On Tue, Apr 29, 2008 at 07:21:02PM -0400, david m. richter wrote:
> On Tue, 29 Apr 2008, J. Bruce Fields wrote:
> 
> > On Tue, Apr 29, 2008 at 01:54:54PM -0700, Andrew Morton wrote:
> > > On Tue, 29 Apr 2008 11:42:48 +0800
> > > "Bryan Wu" <cooloney@kernel.org> wrote:
> > > 
> > > > Hi folk,
> > > > 
> > > > This days I am digging into this LTP bug reported on our Blackfin test
> > > > machine, but I think it is general for other system.
> > > > https://blackfin.uclinux.org/gf/project/uclinux-dist/tracker/?action=TrackerItemEdit&tracker_id=141&tracker_item_id=3743
> > > > 
> > > > And I also found Kumar Gala reported this similar bug before.
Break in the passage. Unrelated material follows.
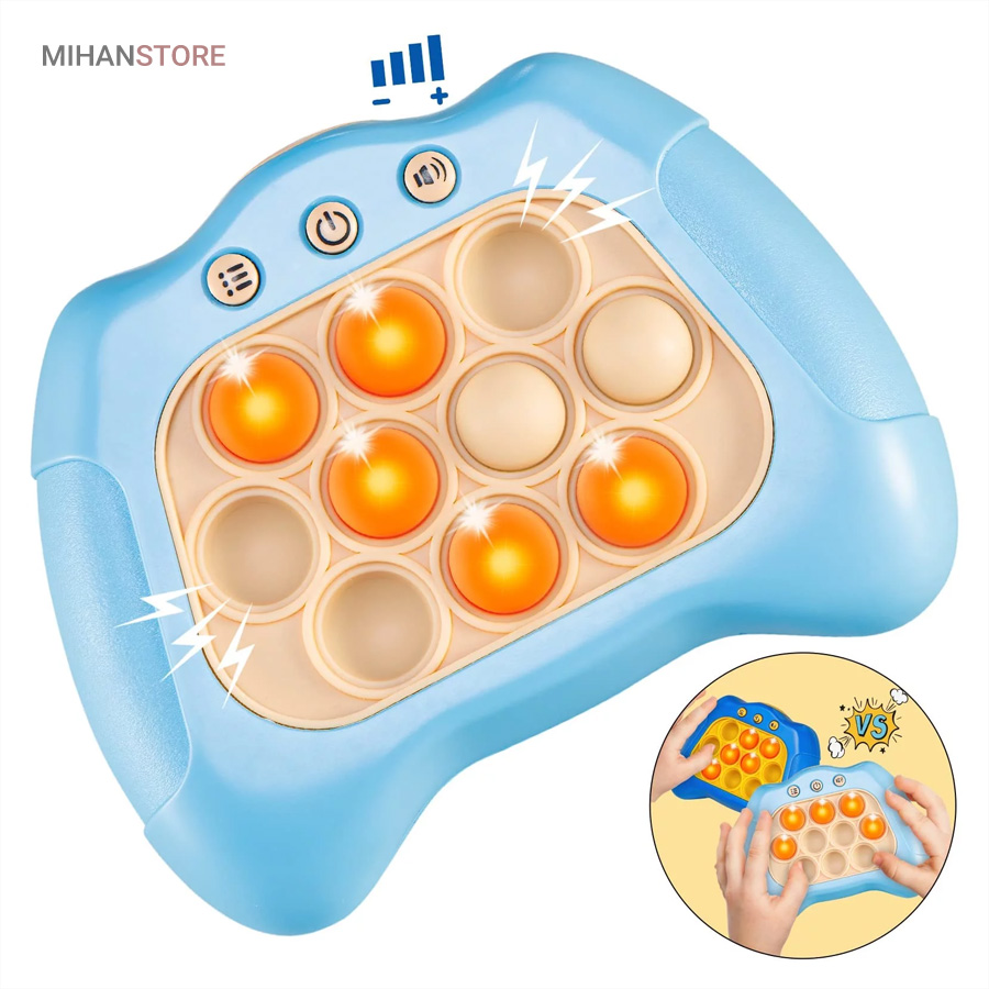 کنسول بازی پاپت گیم یک بازی مهیج سرعتی حرکتی است که علاوه بر سرگرمی برای درمان استرس و اضطراب بسیار کاربردی است . اگر از آن دسته از افرادی هستید که زیاد با موبایل کار یا بازی می کنید ، این بازی می تواند جایگزین بسیار مناسبی برای موبایل باشد . همچنین اگر در طول روز تحت تاثیر فشار و استرس های ناشی از کار قرار گرفتید ، می توانید تنها با این کنسول حال و هوای خود را عوض کنید. این بازی جزء دسته ی بازی های هوشی حرکتی قرار می گیرد که محدودیت سنی ندارد و از کودکان بالای 3 سال تا بزرگسالان نیز می توانند از آن استفاده کنند . مزیت های کنسول بازی پاپت گیم: سرعتی که برای فشار دادن دکمه ها استفاده می کنید باعث هماهنگی بین چشم و دست و همینطور تقویت دست ورزی می شود . این قابلیت برای کودکان دبستانی ، مخصوصا کلاس اولی ها بسیار ضروری است و تقویت انگشت ها باعث دست گرفتن بهتر مداد و عملکرد بهتر در درست کردن کاردستی و … نیز می شود . هنگامی که پوینت های قرمز را می بینید و آن ها را به خاطر می سپارید ، باعث تقویت حافظه و همچنین با به چالش کشیدن شما باعث افزایش توانایی حل مسئله می شود .

> > > > http://lkml.org/lkml/2007/11/14/388
> > > > 
> > > > 1, when opening and creating a new on ramfs/tmpfs, the dentry->d_count
> > > > will be added one as below:
> > > > --
> > > > ramfs_mknod(struct inode *dir, struct dentry *dentry, int mode, dev_t dev)
> > > > {
> > > > |_______struct inode * inode = ramfs_get_inode(dir->i_sb, mode, dev);
> > > > |_______int error = -ENOSPC;
> > > > 
> > > > |_______if (inode) {
> > > > |_______|_______if (dir->i_mode & S_ISGID) {
> > > > |_______|_______|_______inode->i_gid = dir->i_gid;
> > > > |_______|_______|_______if (S_ISDIR(mode))
> > > > |_______|_______|_______|_______inode->i_mode |= S_ISGID;
> > > > |_______|_______}
> > > > |_______|_______d_instantiate(dentry, inode);
> > > > |_______|_______dget(dentry);|__/* Extra count - pin the dentry in core */
> > > > |_______|_______error = 0;
> > > > |_______|_______dir->i_mtime = dir->i_ctime = CURRENT_TIME;
> > > > |_______}
> > > > |_______return error;
> > > > }
> > > > --
> > > > The dget(dentry) call introduces an extra count, why?
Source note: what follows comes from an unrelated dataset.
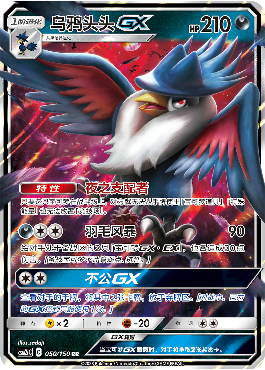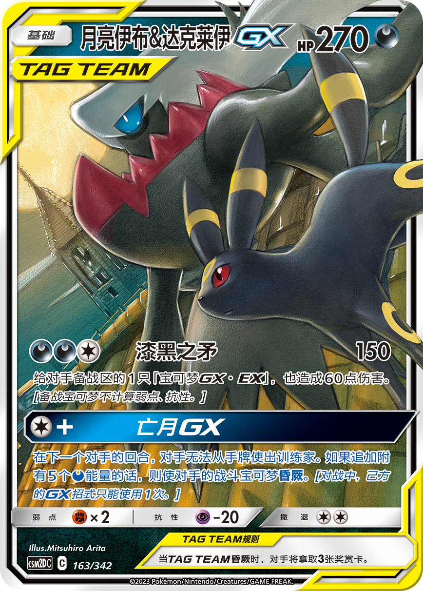月亮伊布&达克莱伊GX的【亡月GX】,发动条件仅为1个任意属性能量,效果为下一个对手的回合,对手将无法从手牌中使出训练家卡牌。然而追加附有5个恶属性能量的话,可使对手的战斗宝可梦直接昏厥。瞬间减员+限制手牌使用,战局从此刻逆转。

> > > > it is the same in tmpfs.
> > > 
> > > Because those dentries have no backing store.  Their sole existance is in
> > > the dentry cache which is normally reclaimable.  But we can't reclaim these
> > > dentries because there is nowhere from where they can be reestablished.
> > > 
> > > > 2, when calling  fcntl(fd, F_SETLEASE,F_WRLCK), it will return -EAGAIN
> > > > --
> > > > |_______if ((arg == F_WRLCK)
> > > > |_______    && ((atomic_read(&dentry->d_count) > 1)
> > > > |_______|_______|| (atomic_read(&inode->i_count) > 1)))
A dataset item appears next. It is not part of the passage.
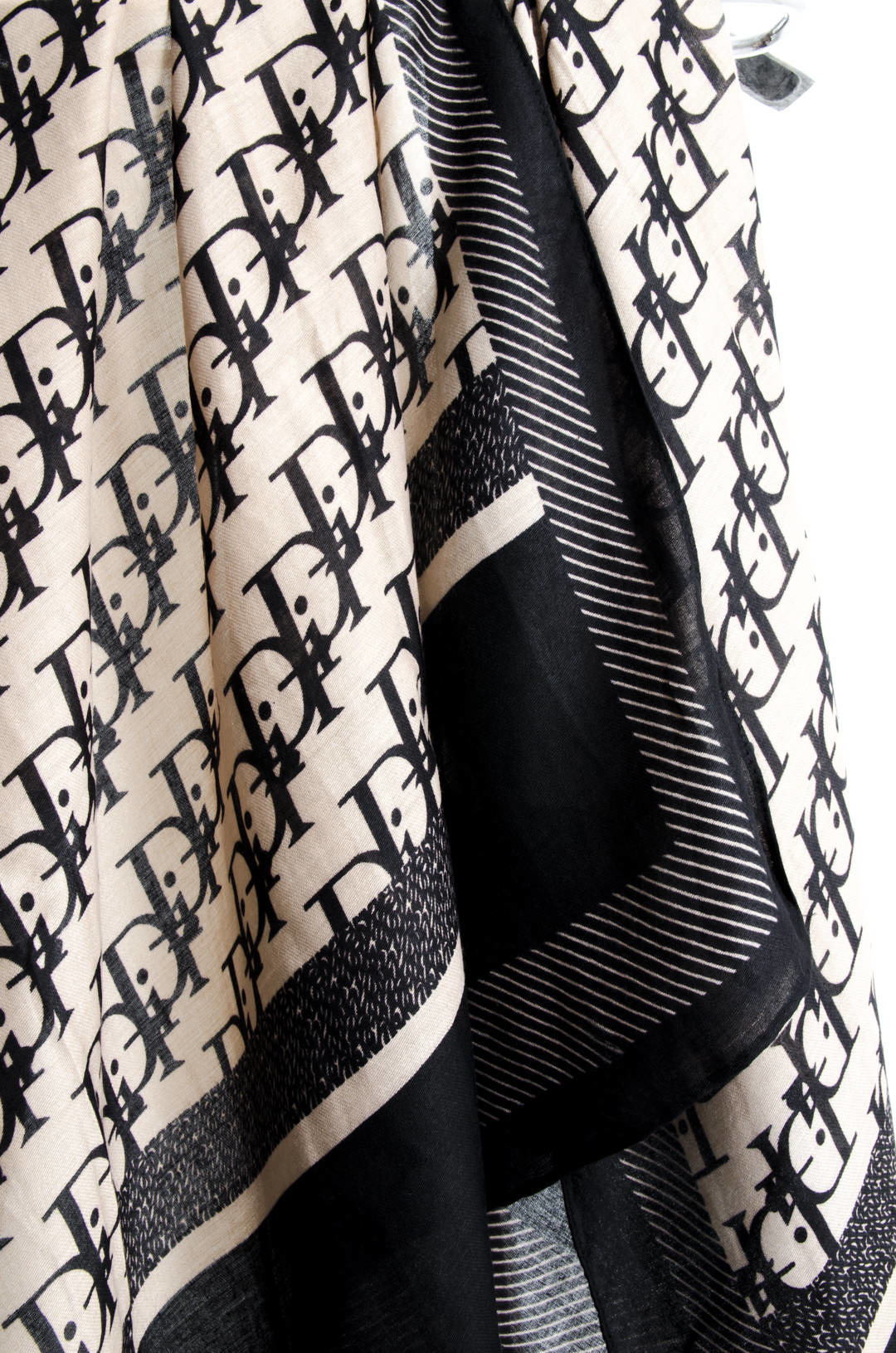 BEŻOWO-CZARNY WZORZYSTY SZAL

> > > > |_______|_______goto out;
> > > > --
> > > 
> > > Sucky heuristic.
> > 
> > Yes.
> > 
> > > 
> > > > because the dentry->d_count will be 2 not 1. I tested ext2 on Blackfin, it is 1.
> > > > 
> > > > 3, so I guess maybe the dget(dentry) of ramfs_mknod is useless. But
> > > > after remove this dget(),
> > > > the ramfs can not be mounted as rootfs at all.
> > > 
> > > Interesting.  Presumably it got reclaimed synchronously somehow.
> > > 
> > > > Is the bug in generic_setlease() or in the ramfs/tmpfs inode create function?
> > > > 
> > > > Of course, simply remove the test '((atomic_read(&dentry->d_count) >
> > > > 1)' can workaround this issue.
> > > 
> > > I guess we should make the generic_setlease() heuristic smarter.
> > > 
> > > Of course the _reason_ for that heuristic is uncommented and lost in time. 
> > > And one wonders what locking prevents it from being totally racy, and if
> > > "none", what happens when the race hits.  Sigh.
> 
> 	i'm not sure which particular kernel version we're talking about, 
> but i think the intent was to rely on the BKL.  i noticed a couple cases 
> where this didn't actually hold -- e.g., bruce has a patch queued to move 
> the kmalloc in generic_setlease() so that it precedes the 
> d_count/i_writecount checks and covers the race he mentions below.  an 
> earlier patch closed a similar thing with get_write_access() when handling 
> a truncate, etc.
> 
> 	fyi (well, not you, bruce): relatedly, i have a set of patches to 
> introduce per-inode lease enabling/disabling (so we can fully implement 
> NFSv4.0 file delegations and v4.1 directory delegations) which expand the 
> cases where leases are broken (e.g. unlink) and which make it somewhat 
> more explicit when it's safe to lease/break.  perhaps the next merge 
> window for the first set of them.
> 
> 
> > Yes, I think the race is:
> > 
> > 	1. generic_setlease(., F_WRLCK, .) checks d_count and i_count,
> > 	   both are 1.
> > 
> > 	2. a read open comes in, calls break_lease which finds no lease
> > 	   and continues happily on.
> > 
> > 	3. generic_setlease() sets the write lease.
> > 
> > The most likely consequences are that a local reader gets out-of-date
> > data for a file that a Samba client has modified.
> >
> > I suppose that re-checking the d_count and i_count after step 3 might
> > close the race.
> 
> 	as things currently stand, i believe that race can only happen if 
> the leaser is blocking on the kmalloc.

Neither break_lease() (the shortcut inlined function, not the full
__break_lease()) nor any of the open code that I can see is under the
BKL, so unless I'm missing something, that code is racy.

--b.

> but yeah, the d_count check is 
> pretty frail anyway ...
> 
> 
> > > I suppose a stupid fix would be to set (and later clear) a new flag in
> > > dentry.d_flags which means
> > > 
> > >   this dentry is pinned by a ram-backed device, so d_count==2 means
> > >   "unused""
> > > 
> > > But it would be better to work out exactly what generic_setlease() is
> > > trying to do there, and do it in a better way.
> > 
> > Yes.  What it's supposed to do is provide exclusion between opens and
> > write leases.
> > 
> > We already have a mechanism that provides exclusion between write opens
> > and exec, using the i_writecount, so we're using that for read leases.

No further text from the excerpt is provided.